Hi guys,
I am using sqoop 1.4.5 to import some data from MySQL into hive using this
command:
sqoop import --connect jdbc:mysql://some.merck.com:1234/eqtl_gtex_raw
--username XXX --password YYY --table adipose_subcutaneous --hcatalog-database
mg_user_middlegate_benesp_mysql1 --hcatalog-table adipose_subcutaneous
--hive-partition-key mg_version --hive-partition-value 2015-05-28-13-18 -m 1
--verbose --fetch-size -2147483648
and it fails with this error
2015-06-01 13:20:39,209 WARN [main] org.apache.hadoop.mapred.YarnChild:
Exception running child : java.lang.NullPointerException
at
org.apache.hive.hcatalog.data.schema.HCatSchema.get(HCatSchema.java:105)
at
org.apache.sqoop.mapreduce.hcat.SqoopHCatImportHelper.convertToHCatRecord(SqoopHCatImportHelper.java:194)
at
org.apache.sqoop.mapreduce.hcat.SqoopHCatImportMapper.map(SqoopHCatImportMapper.java:52)
at
org.apache.sqoop.mapreduce.hcat.SqoopHCatImportMapper.map(SqoopHCatImportMapper.java:34)

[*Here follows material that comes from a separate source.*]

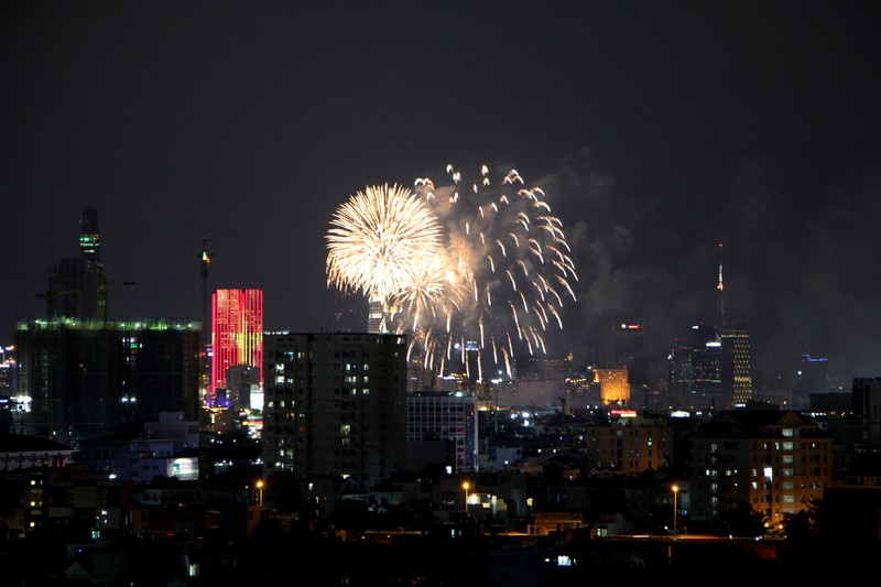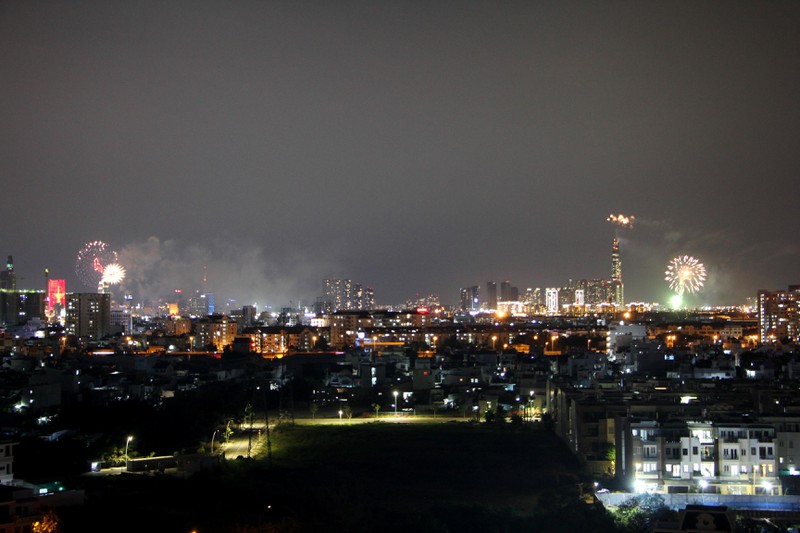 Không những không phải chen lấn trong không khí ngột ngạt, nhiều người sống ở xa trung tâm thành phố còn có thể cùng lúc ngắm 2 màn pháo hoa từ xa.

at org.apache.hadoop.mapreduce.Mapper.run(Mapper.java:145)
at org.apache.hadoop.mapred.MapTask.runNewMapper(MapTask.java:784)
at org.apache.hadoop.mapred.MapTask.run(MapTask.java:341)
at org.apache.hadoop.mapred.YarnChild$2.run(YarnChild.java:163)
at java.security.AccessController.doPrivileged(Native Method)
at javax.security.auth.Subject.doAs(Subject.java:415)
at
org.apache.hadoop.security.UserGroupInformation.doAs(UserGroupInformation.java:1628)
at org.apache.hadoop.mapred.YarnChild.main(YarnChild.java:158)
after some investigation it seems to be caused by hyphens in a table name. I
have patched sqoop jar to write more info into a log:
2015-06-01 13:15:49,337 INFO [main]
org.apache.sqoop.mapreduce.hcat.SqoopHCatImportHelper: Processing schema
fields...
2015-06-01 13:15:49,337 INFO [main]
org.apache.sqoop.mapreduce.hcat.SqoopHCatImportHelper: Adding field 'mg_version'
2015-06-01 13:15:49,337 INFO [main]
org.apache.sqoop.mapreduce.hcat.SqoopHCatImportHelper: Field count: 6
2015-06-01 13:15:49,347 INFO [main]
org.apache.sqoop.mapreduce.db.DBRecordReader: Working on split: 1=1 AND 1=1
2015-06-01 13:15:49,360 INFO [main]
org.apache.sqoop.mapreduce.db.DBRecordReader: Executing query: SELECT `SNP`,
`gene`, `beta`, ` t-stat`, `p-value` FROM `adipose_subcutaneous` AS
`adipose_subcutaneous` WHERE ( 1=1 ) AND ( 1=1 )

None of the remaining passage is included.